- _Work to complete_: Return, with both end lines included, exactly what the data below holds from the line with "Die chombra a" through the line with "FLEXTAIL TINY REPELLER", though not the pictures.

- _Data for the task_:
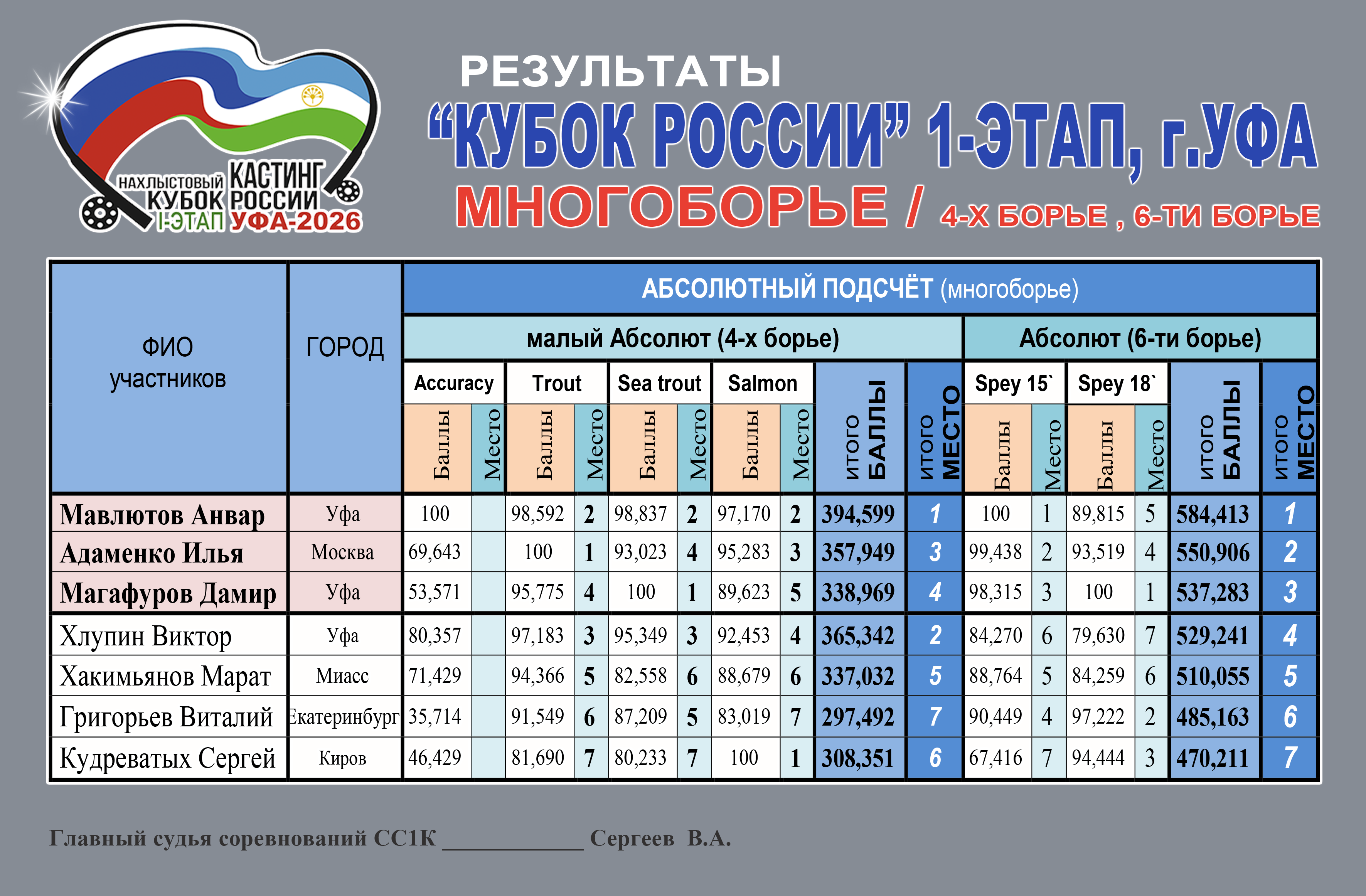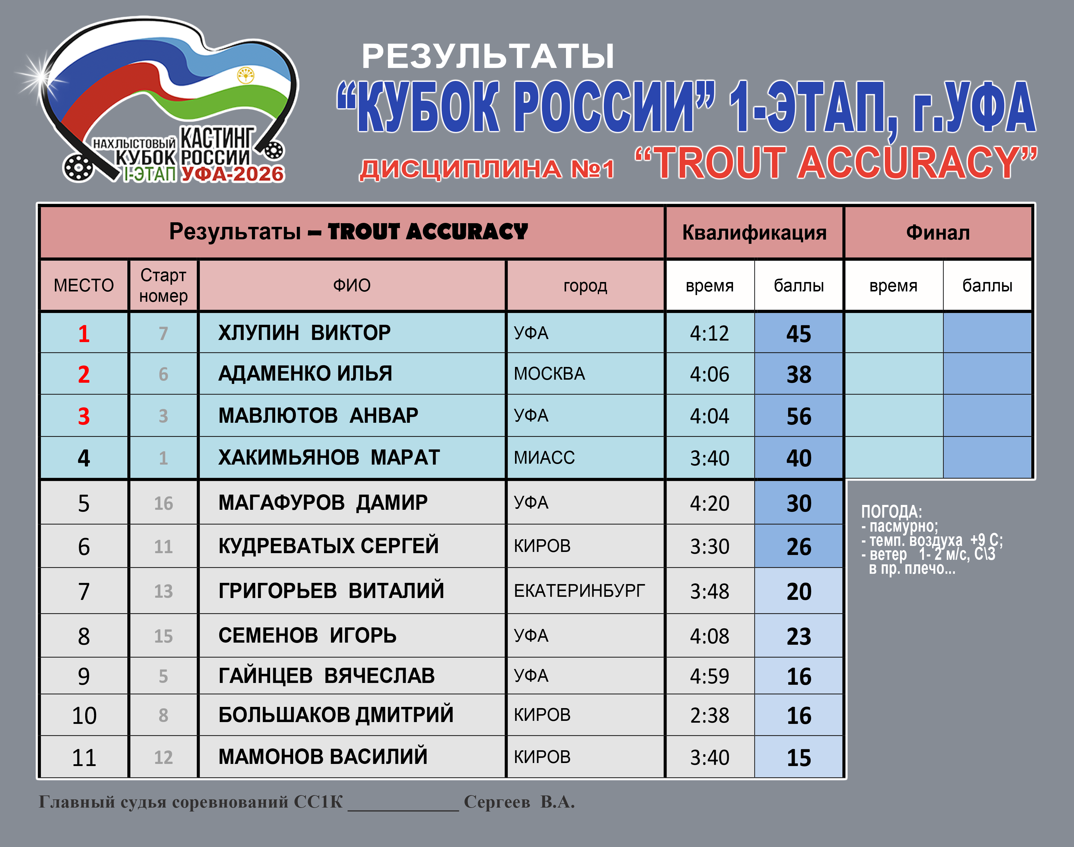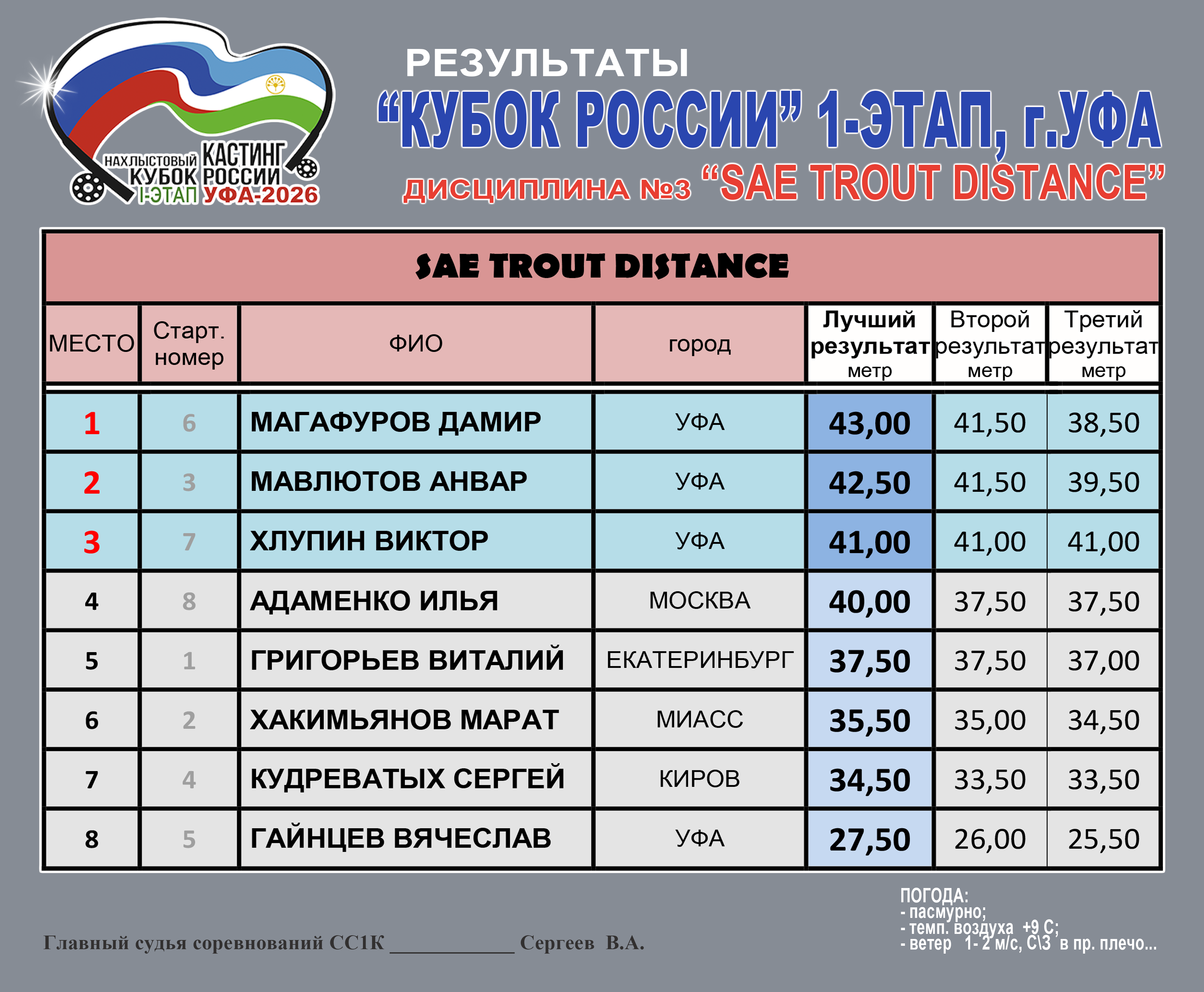 1-этап УФА. Чемпион «Кубок России-2026г. 1го этапа» Мавлютов Анвер. Магафуров Дамир (Бронза), Мавлютов Анвер (Золото), Адаменко Илья (Серебро)
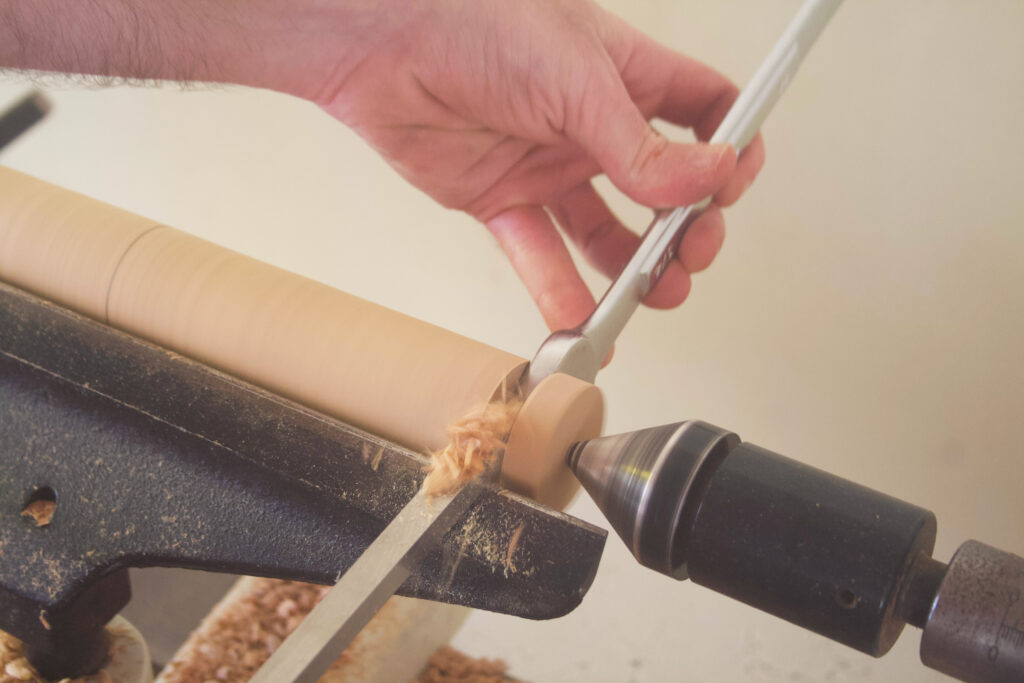 Marca la longitud con lápiz (37.5 cm) y usa una herramienta de parting o de perfilado para crear un escalón de 1.9 cm justo debajo del pie de la pata.
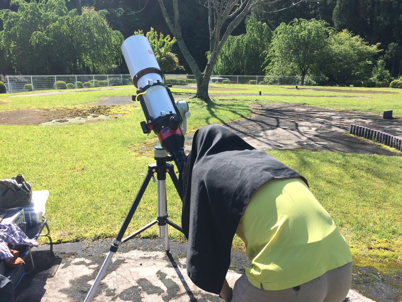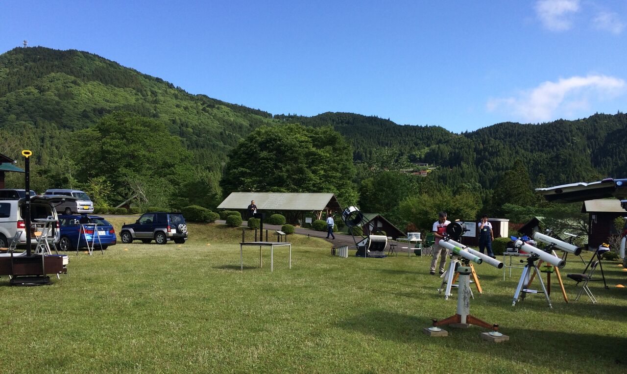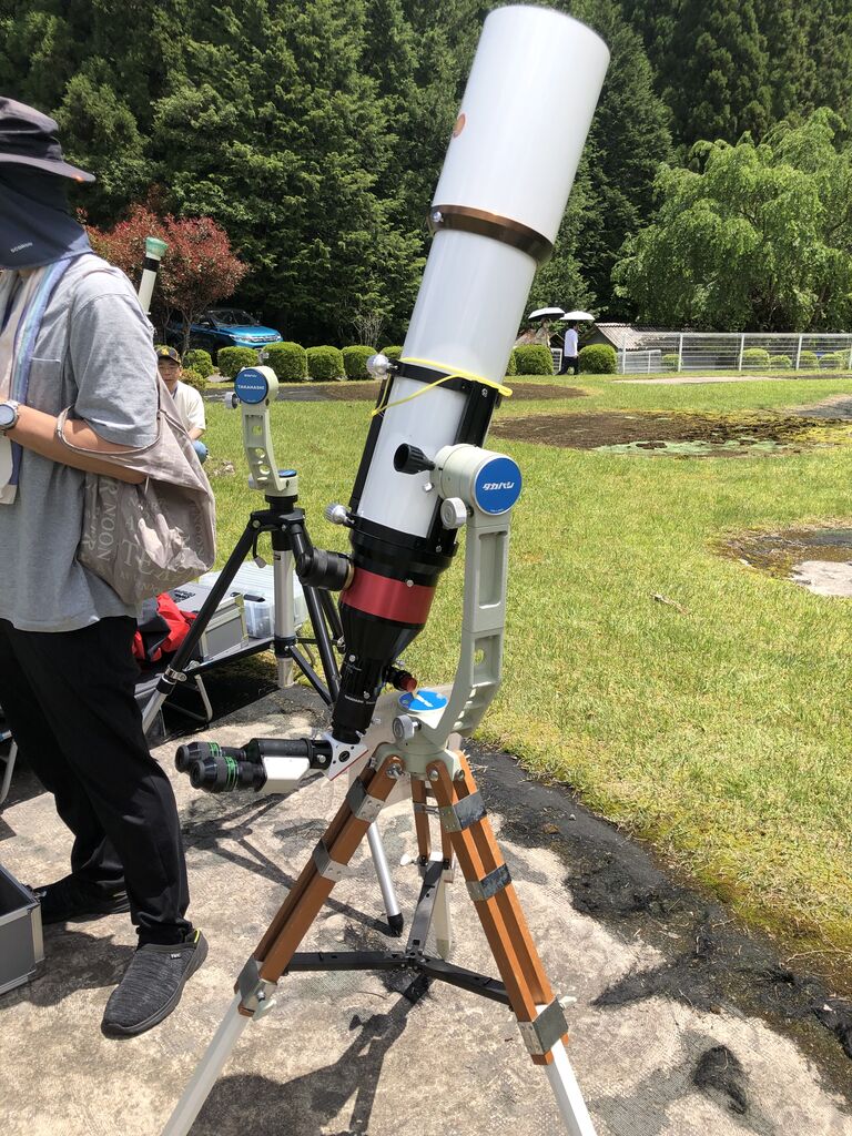 パターゴルフ場に設置された太陽望遠鏡に否が応でも期待が高まってまいります。
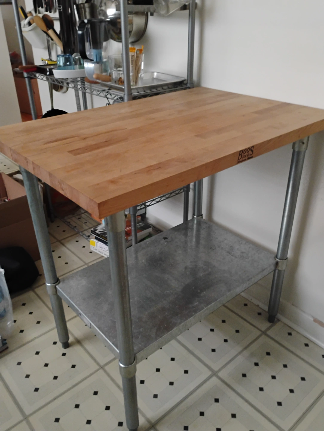 60Wooden butcher block top on metal frame. Great for extra counter space. Includes a lower shelf for storage.
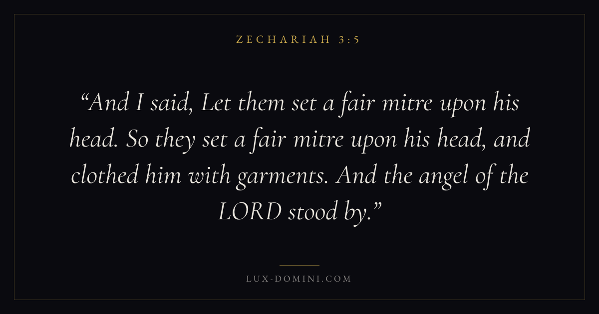 And I said, Let them set a fair mitre upon his head. So they set a fair mitre upon his head, and clothed him with garments. And the angel of the LORD stood by.
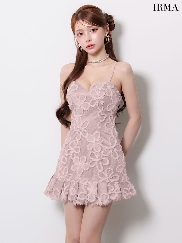 5. 予約商品【7月中旬入荷予定】[IRMA/イルマ] 高級 ブランド Aラインミニドレス 谷間 キャミソール 花柄レース プリーツ
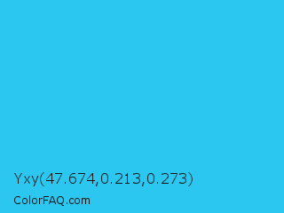 Yxy 47.674,0.213,0.273 Color is a normal cyan color and the nearest color is Scooter #2ebfd4. Hex code #2cc7f0 and RGB value is rgb(44,199,240). In RGB color space, this color is composed of 17% red, 78% green, 94% blue, In CMYK color space, this color is composed of 82% cyan, 17% magenta, 0% yellow , 6% black , In HSL color space, this color has a hue angle of 193° , 87% saturation and 56% lightness.
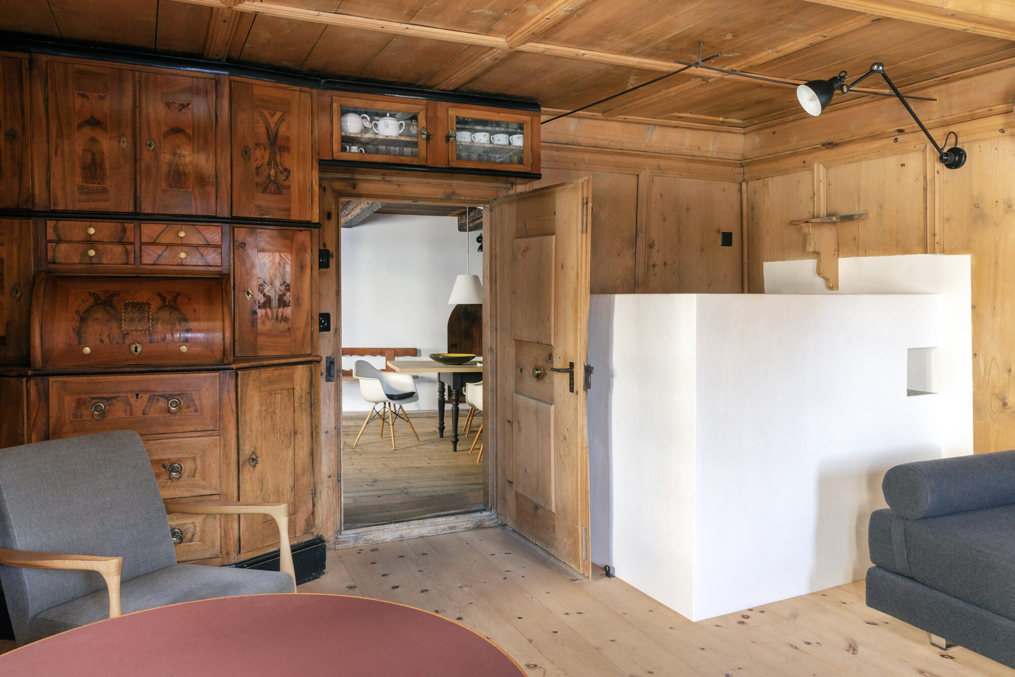 Die chombra a dretta hat mit dem bural (Falltüre über dem Stubenofen) einen direkten kleinen Zugang zur unteren stüva.
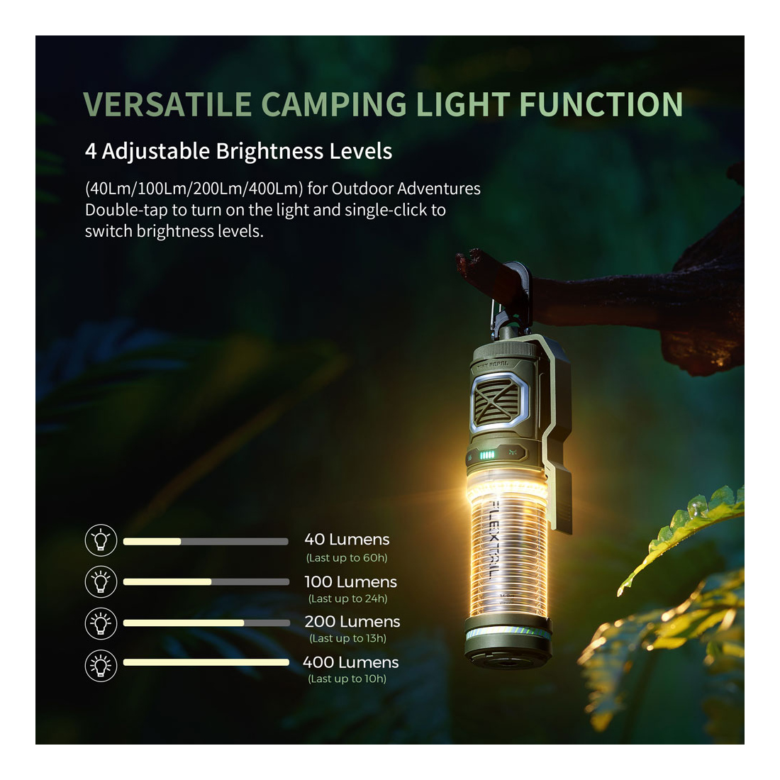 FLEXTAIL TINY REPELLER Stepless dimming better meets different brightness needs. 400 lumens full brightness can continuously last up to 9 hours, if you do not need it that bright, dim it down to 50 lumens for 50 hours! The camping light can be used alone or with mosquito repellent.
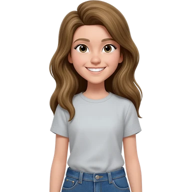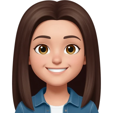 Una chica con piel muy clarita con pelo liso largo de color castaño y unos ojos marrones oscuro y labios grandes y nariz bonita y con unas pestañas que parezca asiatica que tenga las cejas un poquito mas juntas emoji
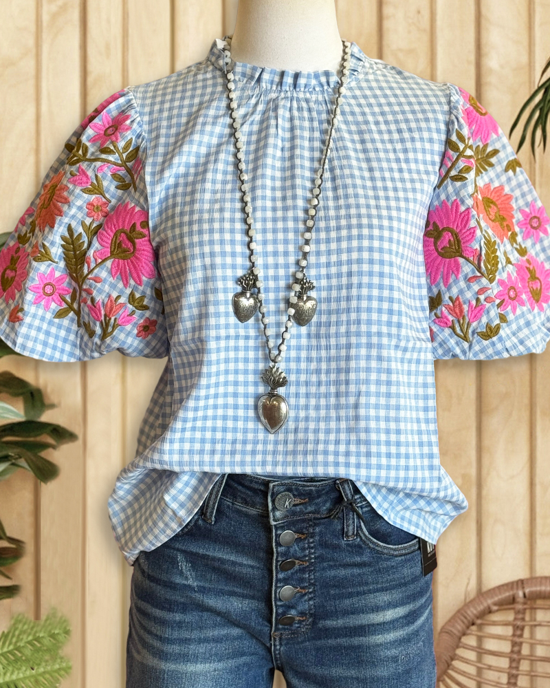 Checked Feminine Floral Embroidery Puff Sleeve T-Shirt
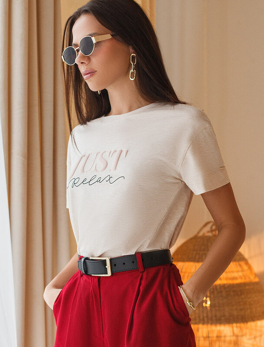 Футболка выполнена из премиального хлопка с авторским принтом. Just relax – «Просто расслабься» Свободная модель дополнена двумя вертикальными рельефами, заканчивающиеся разрезами. Мягкий эластичный хлопковый трикотаж гарантирует исключительный комфорт и уют дома. Идеально сочетается в костюме с брюками D44.131
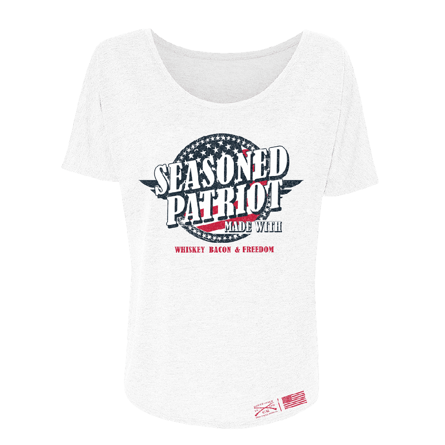 Seasoned, fierce, and unapologetically free. The Women's Seasoned Patriot Slouchy Fit T-Shirt in White is for those who know that patriotism never goes out of style. With its relaxed, slouchy fit and effortlessly bold design, this tee is perfect for women who’ve seen it all, done it all, and still stand tall. Whether you’re kicking back at the beach, manning the grill, or leading the charge, this shirt keeps it comfortable, classic, and undeniably patriotic.

- _Task output_:
 Die chombra a dretta hat mit dem bural (Falltüre über dem Stubenofen) einen direkten kleinen Zugang zur unteren stüva.
 FLEXTAIL TINY REPELLER Stepless dimming better meets different brightness needs. 400 lumens full brightness can continuously last up to 9 hours, if you do not need it that bright, dim it down to 50 lumens for 50 hours! The camping light can be used alone or with mosquito repellent.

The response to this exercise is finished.